Native Americans have a saying that means something akin to “when a horse is dead it’s time to dismount”. Einstein repeated the same sort of sentiment when he suggested that a sign of stupidity, real stupidity, was to repeat what has many times not worked, what in fact has never worked, yet to hope for a different result.
The meaning is simple, when a venture is beyond saving, or a procedure does not make an outcome better, when direction is demonstrably wrong, when everyone else has already tried the same thing and failed, then to add only more effort to it is futile. This description of a dead horse scenario is often applied to describe the stupid efforts in business and social matters in concern of the actions of executives and politicians, where despite all the evidence showing that the only sane course of action is to admit defeat, or at least change direction dramatically, their chosen approach is often to develop strategies that apply to the “dead horse” situation.
To buy the horse a new saddle is stupid, to change its food is stupid, to groom it is stupid. The horse is dead, no matter what way the horse is subsequently treated following its death, it will not trot nor gallop again. We find ourselves at this point with capitalism, where it has had its gallop and now it is dead. I say that because what has to be, and is being, done now can only be described as enforced expenditure, because it is not capitalism that we are living in in these times. The world has harvested natural resources to produce goods that people need and desire so as to make their lives better, that was capitalism. Efficient, productive, demonstrably accelerating the people into the future regardless of if they wanted to be in it or not. It was a somewhat positive system with some horrible baggage that some would argue was not necessary; exploitation, land appropriation, war, but it got man to the moon and it invented the electric toothbrush.

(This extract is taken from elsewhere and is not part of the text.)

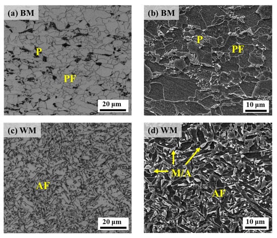 The microstructures of the BM and WM in X70 pipeline steel were analyzed and are shown in Figure 3, in which the BM (Figure 3a,b) consists mainly of polygonal ferrite (PF) + pearlite (P), and the WM (Figure 3c,d) is predominantly acicular ferrite (AF), with a large number of Martensite/austenite (M/A) constituents seen.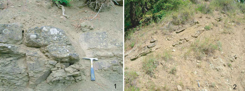 FIGURE 6. Bedding characteristics in outcrop view. Undulatory contacts (1) and discontinuous bedding (2) are common in the upper Wildcat Creek beds.

We all do this to some degree though, pursue less than reasonable strategies when we know in our rational mind that we are dealing with a dead horse, and we do it because we just don’t want the horse to be dead. That doesn’t make it not dead though, and it doesn’t mean we don’t know it is dead. When we hear a politician bloviating the merits of cracking down on crime, by increasing the budget of the courts, or talking about the record funding channelled through the NHS toward their chums that provide private services, we know what we are seeing is the dead horse. These people know this strategy will fail overall, but that is unimportant because they will personally succeed.
I was married once, after a couple of relatively sedate years my marriage became a dead horse, I went out to work for this dead horse, I paid bills for it, I bought this dead horse holidays, I bought it a house and a new car, I put the dead horse at the forefront of everything I did. The dead horse was the most important thing in my life for another four years after it was truly dead. I almost gave the last shred of my sanity to this dead horse, then one day I decided to acknowledge that it was in fact dead, by then though it was far too late to do anything meaningful about it other than walk off. A dead horse had taken years and money I’d never ever get back. Like the Native American I’m now up on a new horse, ever moving forward, sometimes at a trot, sometimes at a gallop.